Sometimes, there is a disconnection between what Christians say they believe and what they experience in everyday life. We say it’s about power, intimacy, affection, transformation and influence. Sometimes, disciple life turns out to be more weakness, distance, suspicion, same old thing and compromise. We can get stuck and long for a breakthrough in our faith life.
Two new books are meant to help us get unstuck. They come from different perspectives and have a different flavor, but have the same basic premise: a disciple’s life changes from the inside out.
Many disciples are genuinely confused about all that seems to be involved in a faithful journey in the Christian life. There’s passionate worship, intense Bible study, social involvement, deep fellowship, generous giving, care for the poor, missions, theological accuracy, evangelism and more. What’s most important and in what order or proportion are they to mark our lives so that we please God and experience all God has for us? Robert Jeffress gives his answer to that in Clutter-Free Christianity: What God Really Desires for You (Waterbrook, 2009).
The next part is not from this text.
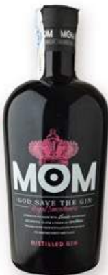
MOM Ginebra, 70 cl. 18,35 €
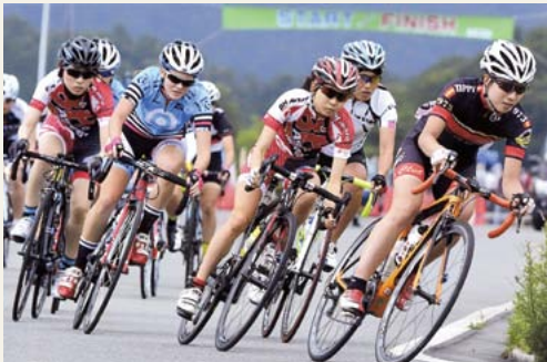
美しきアスリート達 日 平成27年7月 所 中央森林公園(本郷町上北方)

While affirming that our relationship is all of grace from salvation to heaven and that we don’t have to work to please Him, Jeffress notes, “The essence of the gospel is a changed life…Unfortunately, too many of us come to the cross ‘just as I am’, we receive our pardon from hell and we leave just as we were.” Why? “Perhaps the reason our faith seems to make so little difference in our lives is that we’ve clouded Christianity with secondary concerns and missed the core issue….God understands that the basic issue in life is the condition of our heart. Unless our heart is right, nothing else is right.” I think he rightly notes that we usually get this precisely backwards, attempting behavior modification without deep heart transformation.
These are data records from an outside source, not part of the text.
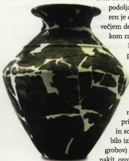
keramična žara iz latenskega groba

Rimskodobna naselbina s pripadajočim manjšim grobiščem leži v donedavno poplavnem nižinskem delu
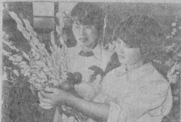
Создание в уездных городах и поселках мощной сети промышленных

и торговых предприятий, как показала опыт последнего десятилетия, резко
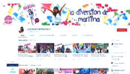
Pequeñas 'estrellas' de la Red

Prueban nuevos juguetes, plantean retos a los internautas, realizan recetas o simplemente cuentan cómo les ha ido en el cole nuevo, en la fiesta patronal de su pueblo o con su disfraz de Halloween. YouTube cuenta con cientos de canales infantiles, donde los protagonistas son los propios niños. Pese a que muy pocos triunfan, algunos han logrado contar con millones de seguidores sin haber rebasado los 10 años. Los psicólogos alertan de que ser niño 'youtuber' tiene muchos riesgos ya que el menor no está preparado para posibles críticas u ofensas y puede generarse falsas expectativas de futuro

Clearly influenced by Dallas Willard’s Renovation of the Heart, Jeffress defines the life of a disciple as resembling Jesus in “attitudes, actions and affections”, all of which arise from the power of a heart being powerfully transformed by the Spirit. That power is unleashed by the desire of the disciple to change an area of life, a detailed plan and the discipline to stick with it. The rest of the book follows that outline as applied to six key areas: forgiveness, obedience, trust, contentment, service, and prayer.
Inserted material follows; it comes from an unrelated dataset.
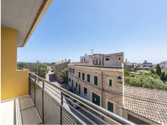
Vista desde el balcón
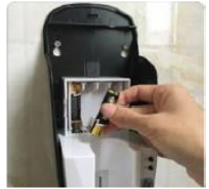
3) Installare pz. 8 batterie AA

Jeffress writes like the pastor he is, with a warm tone and clear Biblical basis and application. He doesn’t plow any new ground here, but it will be helpful to get a long-time disciple unstuck or younger Christians solidly rooted with significant spiritual habits for a lifetime. There is also a helpful discussion guide for small groups.
The second work also “looks” at a disciple’s growth from the inside out. In Eyes Wide Open: See and Live the Real You (Waterbrook, 2009), Las Vegas pastor Judd Wilhite invites disciples to put on new spiritual lenses to combat the natural distortion of the heart that can affect every area of our lives. He sees himself as “a guide” that can help disciples navigate the occasionally challenging and risky journey of re-visioning four areas: God, personal identity, life change and influence through life.
Our vision of God must be rooted in a grasp of His deep Father-love and “uncensored grace” towards us — even when we are terribly flawed. “Uncensored grace is not simply grace for when we first come to faith; it is grace for each day after, as we fail and struggle….a work of transformation over an extended period of time.” While similar to Jeffress’ point, the sense of affirmation is stronger, which propels into the second area of our identity. Self-image, like a funhouse mirror, can be distorted based on performance, others’ opinion, etc. But God chooses and remakes His followers as saints, priests, slaves and servants. Wilhite says “to see yourself as an accepted follower of Christ will affect how you behave as well,”
A new identity propels us to look afresh at the concept of life change. And that is the point: “ the adventure is not just seeing with less distortion, but living with less distortion.” The life is the process of becoming more like Jesus over time, more like the you God has always seen, without masks or secrets, but with authenticity. That requires a retooling of our thought life and a constant filling by the Spirit. None of this change is possible in isolation; deep connection the community of faith is required.
Finally, living with eyes wide open means that we look at our influence in the world differently as well. This is probably Wilhite’s most thought-provoking work. “If we focus exclusively on individual transformation…then we have only seen half the story of what God desires for us. The full story includes our call to create culture and restore it.” Christ-followers make a larger difference with simple engagement of love—one person at a time. Wilhite asserts that “the culture war is over. And we lost.” That means we relate to others with the same grace that we have received, confident in the hope that God is in control of all things.
Wilhite’s work is carried by a nice blend of narrative–stories from his ministry in Las Vegas — and Biblical principle. His heart for disciples to know grace and live out grace pulses throughout. The only slight criticism (and it is slight) is that the Bible material (especially in the first two sections) tends to arise from a people-centered viewpoint more often than a God-centered one. I would argue that for most Christians, a clear vision of God’s glory apart from me is at least as distorted as our vision of God’s love towards me. That is mostly an interpretive bias; the truths communicated remain solidly evangelical.
These books could work well in tandem. Read Wilhites’s first to stir the heart towards a freshened walk with Jesus and then use Jeffress’ as the practical application of some aspects of life change from the heart.